Remembering Ravi
Losing Son Too Early, Father Puts
Pension Into Fostering Memories
By LIBBY CUDMORE • Hometown Oneonta & The Freeman’s Journal
ONEONTA – Dad Ram Singh is trying to follow son Ravi’s philosophy.
“His philosophy was the share a loaf of bread with many rather than just give it to one,” said the father. “So I try to do the best I can.”
Following his 25-year-old son’s sudden death in September 2016, Singh struggled to find an outlet for his grief. “I was sick to my stomach,” he said. “No one should ever have to go through that.”
But Ravi’s philosophy stuck in his mind, and he figured out how to honor his son’s short life and keep his memory alive in the community he was raised in. “I decided to do a charity,” he said. “He was very outgoing. I was shocked at how many people liked him.”

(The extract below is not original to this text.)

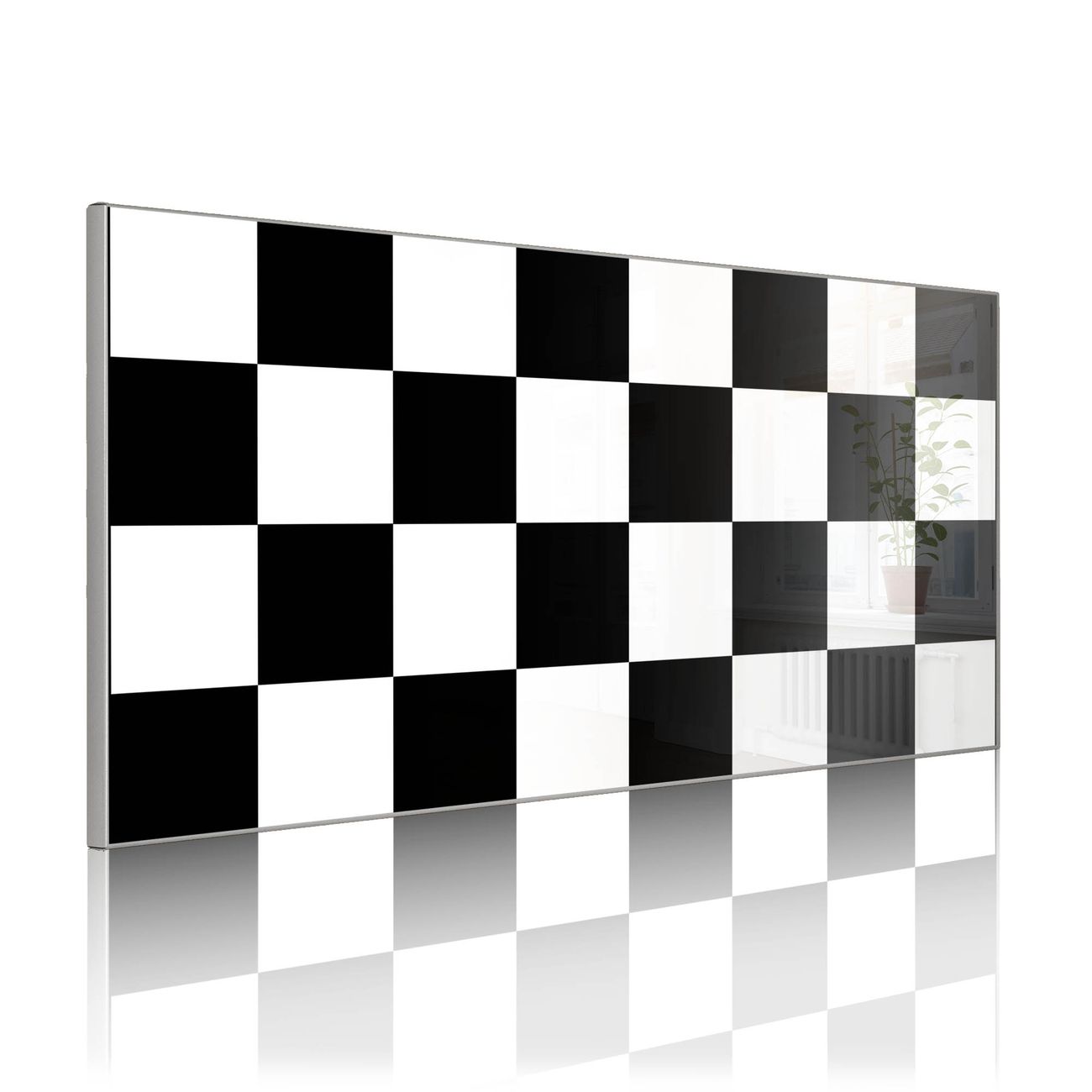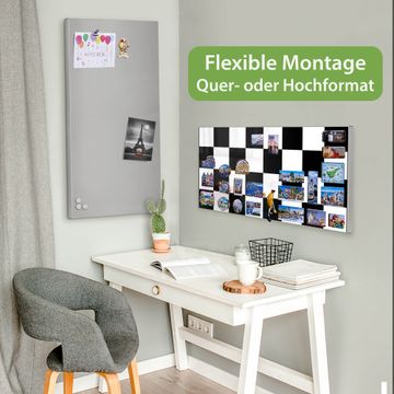 FUNKTION: Die banjado Magnettafel 78x37 cm im Design Motiv Schachbrettmuster vereint Funktionalität und modernes Wohndesign auf stilvolle Weise. Diese hochwertige Magnetwand aus Metall hilft Ihnen dabei, Notizen, Fotos, Termine, Einkaufslisten oder Rezepte übersichtlich zu organisieren. Als praktisches Memoboard sorgt sie für Struktur im Alltag und setzt gleichzeitig einen dekorativen Akzent an Ihrer Wand. DESIGN: Die Metalltafel besteht aus robustem, lackiertem Stahl und ist mit allen handelsüblichen Magneten nutzbar. Besonders praktisch ist die beschreibbare Oberfläche. Sie können die Magnettafel ganz einfach mit Kreidestiften beschriften und die Inhalte bei Bedarf mit einem feuchten Tuch wieder entfernen. So eignet sich das Memoboard ideal für Wochenpläne, Menüpläne, To Do Listen oder kreative Botschaften. DETAILS: Mit ihrem großzügigen Querformat von 78x37 cm bietet die Magnettafel ausreichend Platz für Ihre Organisation. Das Motiv Motiv Schachbrettmuster bringt eine warme, natürliche Optik in Küche, Flur, Büro oder Homeoffice und wirkt auch ohne Magnete oder Beschriftung wie ein modernes Wandbild. NUTZEN: Auf der Rückseite befinden sich vorgefertigte Löcher für eine schnelle und unkomplizierte Wandmontage. Jede banjado Magnettafel wird in Deutschland gefertigt und steht für Qualität, Langlebigkeit und liebevolle Verarbeitung. Dieses beschreibbare Memoboard ist die perfekte Kombination aus Metalltafel, Designobjekt und praktischer Magnetwand für Ihren Alltag. BANJADO: Wir sind ein kleines Team aus dem Herzen von Sachsen. Wir fertigen alle Artikel von Hand für Sie an, Sie erhalten keine preiswerte Importware. Auf Wunsch können Sie auch Ihr eigenes Foto auf die Magnettafel aufbringen, schreiben Sie uns an. Herzlichst, Ihr banjado-Team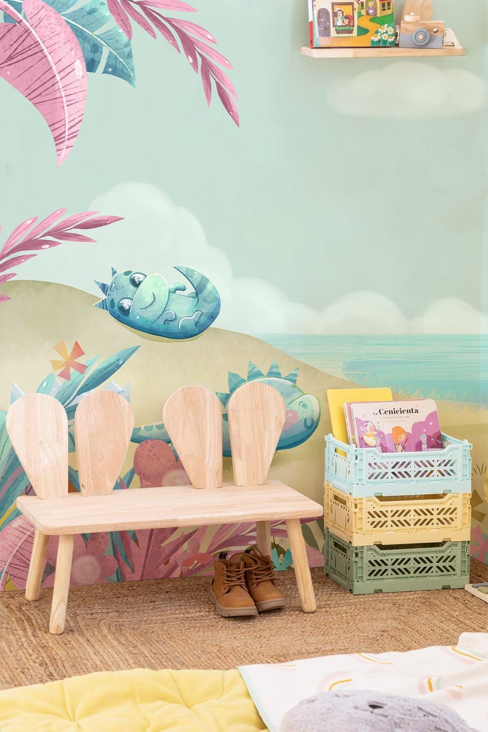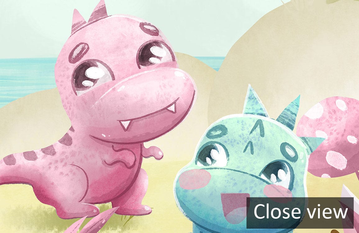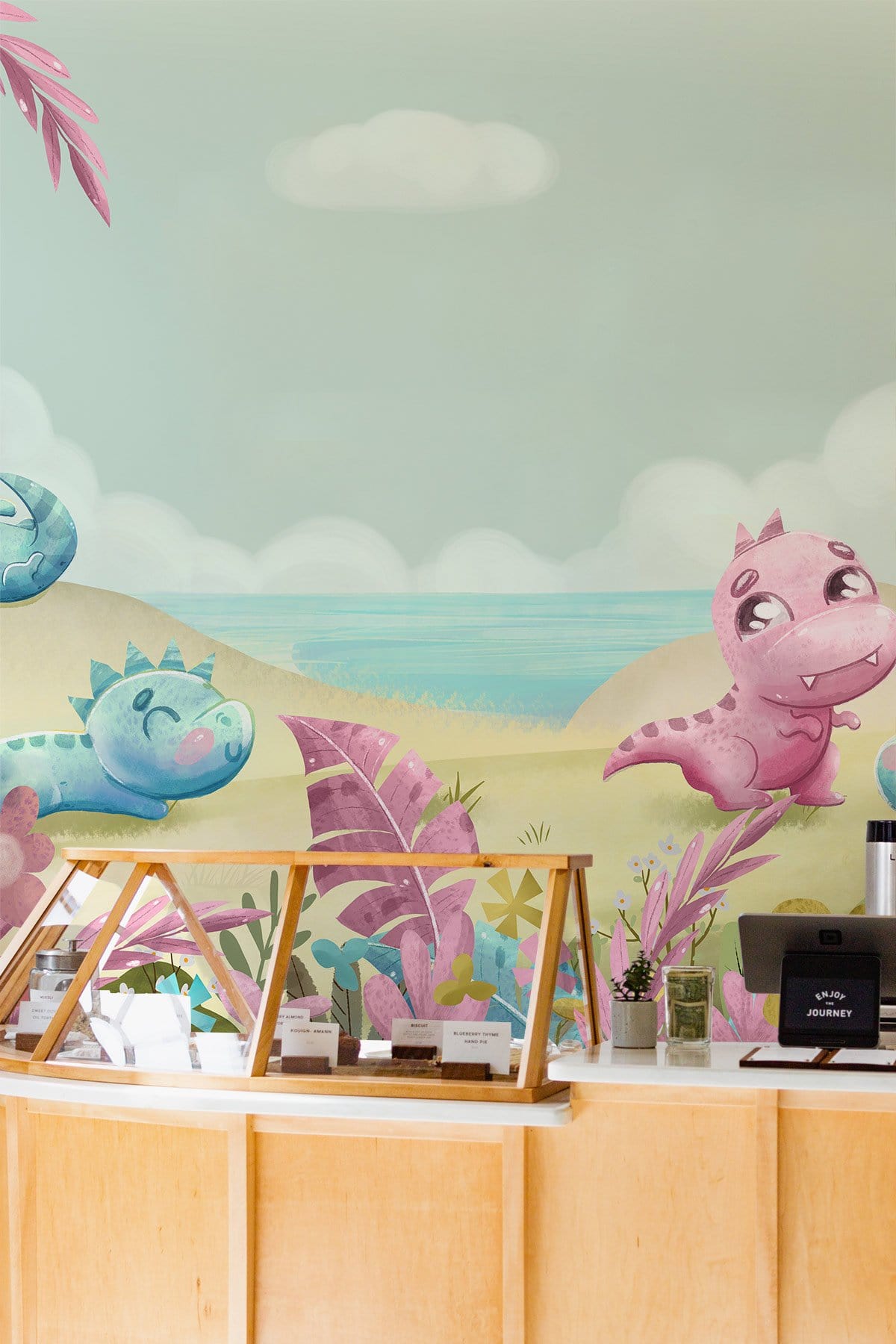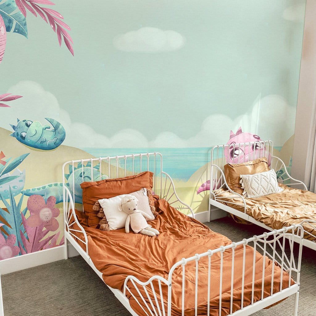 Immerse yourself in a whimsical landscape where playful dinosaurs frolic amidst pastel-hued flora. This mural brings a serene yet vibrant atmosphere, perfect for adding charm and character to your space.

His first thought was that he would donate Ravi’s house on East Main Street to one of the local non-profits.
“I offered it to Catholic Charities and (Catskill Area) Hospice – they could have it as long as they kept his name on it,” he said. “But they both said it wasn’t suitable for their needs.”
He decided that he would start a charity to give money to local organizations. “This is what his feeling would have been for the community,” he said.
Singh put $50,000 from his retirement from Pizza Hut, where he served as a district manager, into a CD at the Bank of Cooperstown. “I talked with the president, Scott White, and told him that I was starting a charity,” he said. “He gave me an extra half a percentage point.”
While the CD matured, he used his own funds to begin the Ravi Singh Memorial Charity, writing checks to local organizations, including Family Planning, the Susquehanna SPCA, The Oneonta Community Health Center, the Girl Scouts and Boy Scouts, school groups, the Salvation Army, fire departments and others.
He also bought $5 gift cards to local fast foods restaurants. “I would give them to different charities and tell them to give them to a child who was hungry so they could get a meal,” he said.
In 2017, he donated $600 of his own money. “We didn’t have any interest, so I just wrote the checks,” he said.
And when the CD matured in 2018, he had $999 in interest, and donated $1,193 to charities, in amounts ranging from $25 to $130. “I thought about the organizations he would like to have helped,” he said.
In addition to his father, Ravi was survived by his brothers, Raj and Gulab, and his mother, Madhu.
On the properties Ravi managed – one in Oneonta, the other in Portlandville – he has hung signs that read “Loving Ravi Singh Home.”
“I put his name on his buildings in his memory,” he said.
Son Gulab helped him build a website, www.ravisinghcharity.com, and though he accepts donations to the charity, he has not solicited any.
And in the back room of Singh’s home, he has saved many of Ravi’s things. “I have all his belongings,” he said. “His boots, his clothes, his popcorn maker. I come in here and talk to him.”
A picture of his son is hung above his bed. “He’s the first thing I see in the morning and the last thing I see at night,” the said.